Khan R N, Hales C N, Ozanne S E, Adogu A A, Ashford M L
Department of Pharmacology, University of Cambridge, U.K.
Proc Biol Sci. 1993 Sep 22;253(1338):225-31. doi: 10.1098/rspb.1993.0107.
It is generally considered that the sulphonylurea receptor is an integral part of the ATP-sensitive K+ channel. We have investigated this proposal by comparing the binding and functional characteristics of the sulphonylurea receptor and KATP channel by using two rat insulinoma cell lines (CRI-G1 and CRI-D11) of common origin. Insulin release was increased in both cell lines by a variety of metabolizable and non-metabolizable secretagogues but glibenclamide induced an increase in insulin release in G1 cells only. [3H]glibenclamide binding studies showed a substantial reduction in the number of glibenclamide binding sites (Bmax) in the D11 cells compared with G1 cells. Single-channel studies of these cell lines show that the KATP channel is generally unchanged in its biophysical properties and in the number of channels observed. Slight differences were apparent: the KATP channels in D11 cells were much less susceptible to rundown and were slightly less sensitive to block by ATP. However, one major distinction was the lack or much reduced sensitivity of the KATP channel in D11 cells to tolbutamide and glibenclamide. We conclude that the KATP channel can exist and function independently of the sulphonylurea receptor, and therefore it is unlikely that they exist as a single protein assembly.

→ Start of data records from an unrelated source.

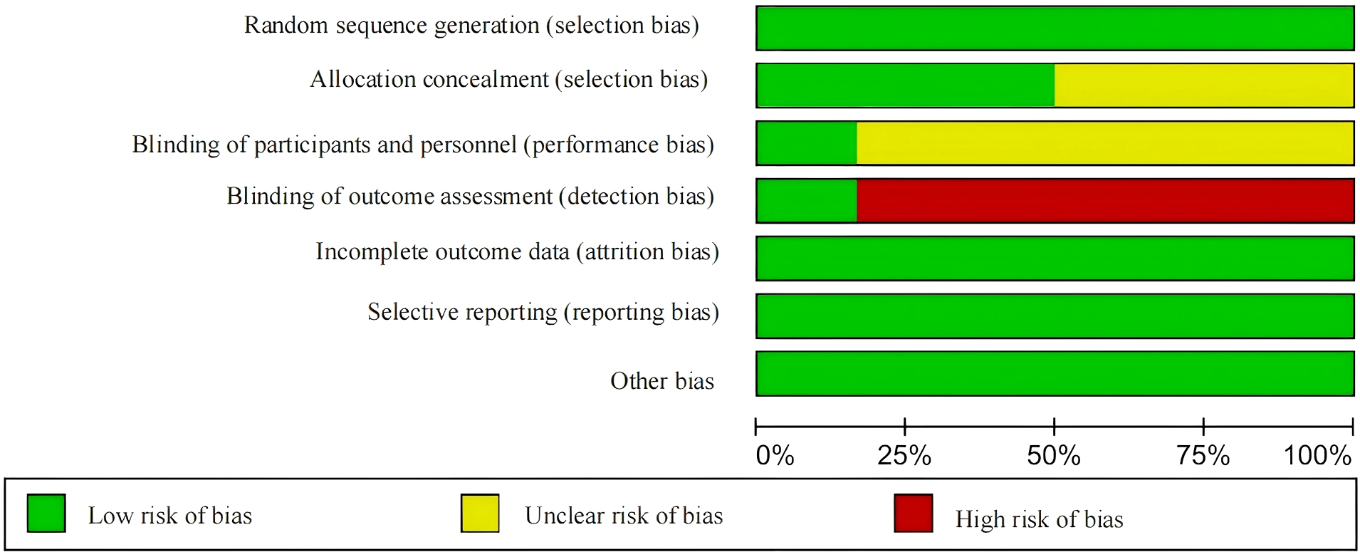 According to the Cochrane Risk of Bias Assessment Tool, the quality of the six included studies was evaluated. Among them, three studies were assessed as having a low risk of bias, and three studies were assessed as having a moderate risk of bias. See Figure 2. A statistical chart of the proportion of each item is shown in Figure 3.
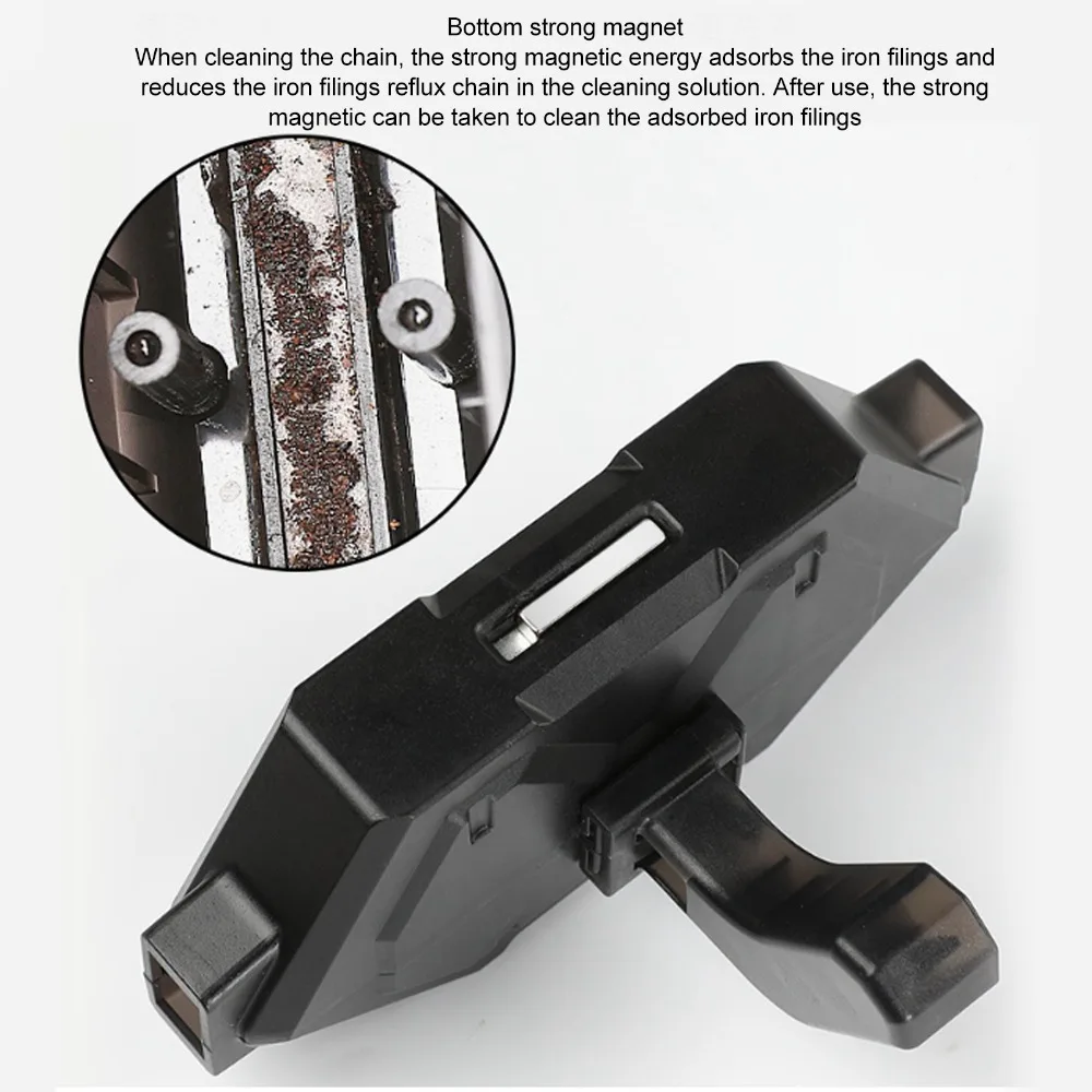Colector de partículas magnético: la parte inferior del limpiador de cadena está equipada con una tira magnética que atrae las partículas que se desalojan de la cadena durante la limpieza.Esto evita eficazmente que se vuelvan a fijar a la cadena, asegurando un proceso de limpieza completo.
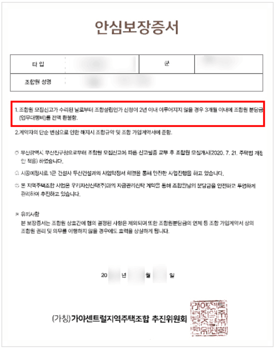 가야센트럴 지역주택조합 측은 계약 당시 조합원들에게 '조합원 모집신고가 수리된 날로부터 조합설립인가 신청이 2년 이내 이루어지지 않을 경우 3개월 이내에 조합원 분담금(업무대행비)를 전액 환불함'이라는 내용이 기재된 안심보장증서를 교부하였습니다. 최동욱 변호사와 상담을 하신 조합원분들은 모두 이러한 안심보장증서의 내용으로 투자를 결정하고 계약금과 분담금을 납부하였는데, 최동욱 변호사의 검토에 따르면 가야센트럴 지역주택조합에서 교부한 안심보장증서는 조합총회의 결의를 거치지 않고 작성·교부되었기 때문에 법적으로 '무효'에 불과합니다. 따라서 안심보장증서를 교부받으신 분들은 민사소송을 통해 이에 대한 조합측의 기망성을 주장하여 조합계약을 취소하고 납입금을 전액 환불받는 판결을 받으실 가능성이 대단히 높습니다. 이는 가야센트럴 지역주택조합 뿐만 아니라 이러한 안심보장증서를 교부한 타 지역주택조합에서도 적용되는 사항이기 때문에 만일 지역주택조합으로 인해 오랜기간 어려움을 겪고 계신다면 가지고 계신 안심보장증서와 기타 가지고 계신 조합관련 문서들을 모두 지참하셔서 지역주택조합 변호사를 통해 정확한 법률진단을 받아보시길 바랍니다.
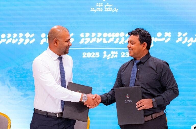 އުނގޫފާރު ރީޖަނަލް ހޮސްޕިޓަލާއި ތިނަދޫ ޑރ. ޢަބްދުއްޞަމަދު މެމޯރިއަލް ހޮސްޕިޓަލް ޓަރޝަރީ ފެންވަރަށް ތަރައްޤީކުރުމުގެ އެއްބަސްވުމުގައި ހެލްތު މިނިސްޓްރީގެ ފަރާތުން ސޮއިކުރެއްވީ ސްޓޭޓް މިނިސްޓަރ އަހުމަދު ގާސިމެވެ. އަދި އެމްޓީސީސީގެ ފަރާތުން ސޮއިކުރެއްވީ މެނޭޖިންގ ޑިރެކްޓަރ، ޑެޕިއުޓީ ކޮމިޝަނަރ އޮފް ޕޮލިސް ރިޓަޔަރޑް އަޙްމަދު ސަޢުދީއެވެ.
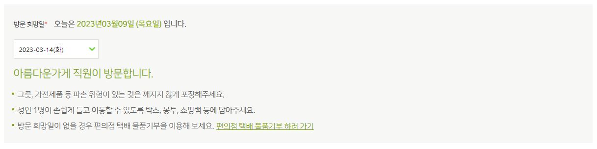 그리고, 물품수거를 위해 직원 방문 일정을 신청합니다.
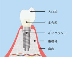 インプラントの治療では、土台であるインプラント体を歯ぐきに埋入しますが、埋入されたインプラント体はやがて顎の骨と結合することで、高い安定性を得ます。
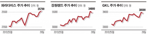파라다이스는 지난 21일 2만5900원으로 신고가를 갱신했고 또 다시 경신에 0.77%만 남겨두고 있고 강원랜드도 29일 장중 신고가를 경신했다. GKL 역시 28일 신고가를 경신하는 등 동반 강세를 보이고 있다.
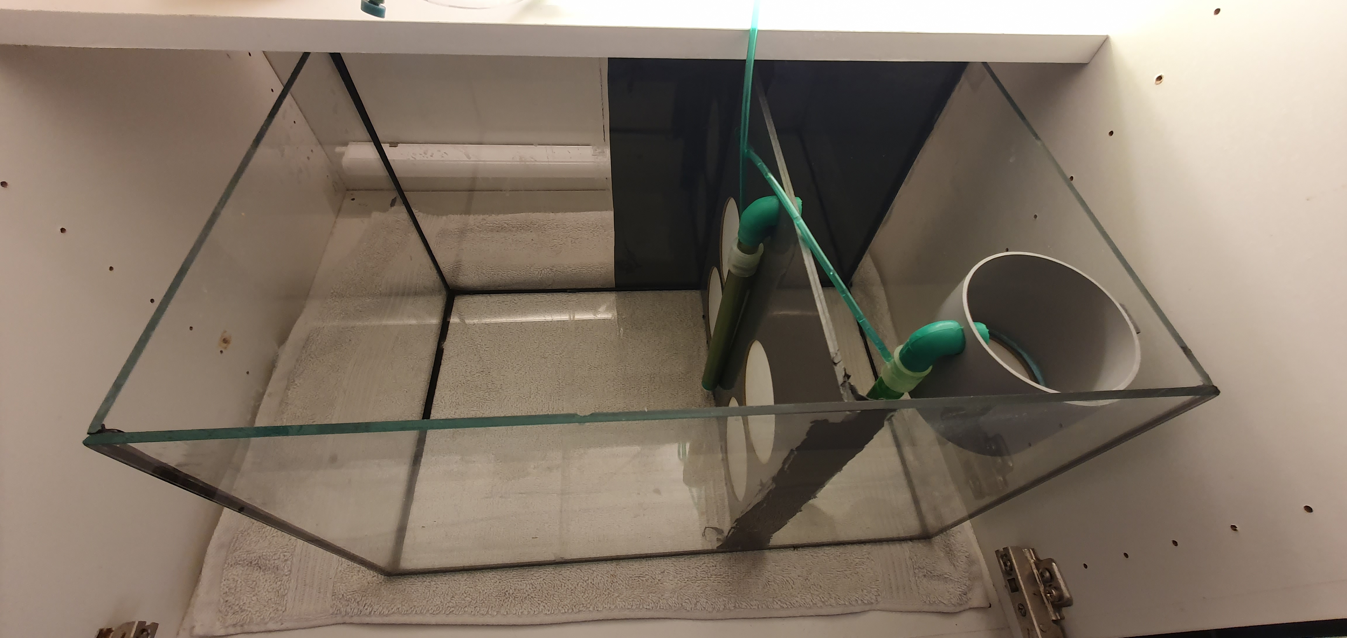 Under har jeg en 50 liters regnvands beholder, med slat på 35ppm og F2 gødning. I denne har jeg tidligere haft en luftpumpe men jeg er ret sikker på at det er for lidt cirkulation så det skal jeg have opgraderet.

一般认为磺脲类受体是ATP敏感性钾通道的一个组成部分。我们通过使用两个源自同一亲本的大鼠胰岛素瘤细胞系(CRI-G1和CRI-D11),比较磺脲类受体和KATP通道的结合及功能特性,对这一观点进行了研究。多种可代谢和不可代谢的促分泌剂均可使这两种细胞系的胰岛素释放增加,但格列本脲仅能使G1细胞的胰岛素释放增加。[3H]格列本脲结合研究显示,与G1细胞相比,D11细胞中格列本脲结合位点的数量(Bmax)大幅减少。对这些细胞系进行的单通道研究表明,KATP通道的生物物理特性和所观察到的通道数量总体上没有变化。有一些细微差异很明显:D11细胞中的KATP通道不太容易出现电流衰减,对ATP阻断的敏感性也略低。然而,一个主要区别是D11细胞中的KATP通道对甲苯磺丁脲和格列本脲缺乏敏感性或敏感性大幅降低。我们得出结论,KATP通道可以独立于磺脲类受体而存在并发挥功能,因此它们不太可能以单一蛋白质复合体的形式存在。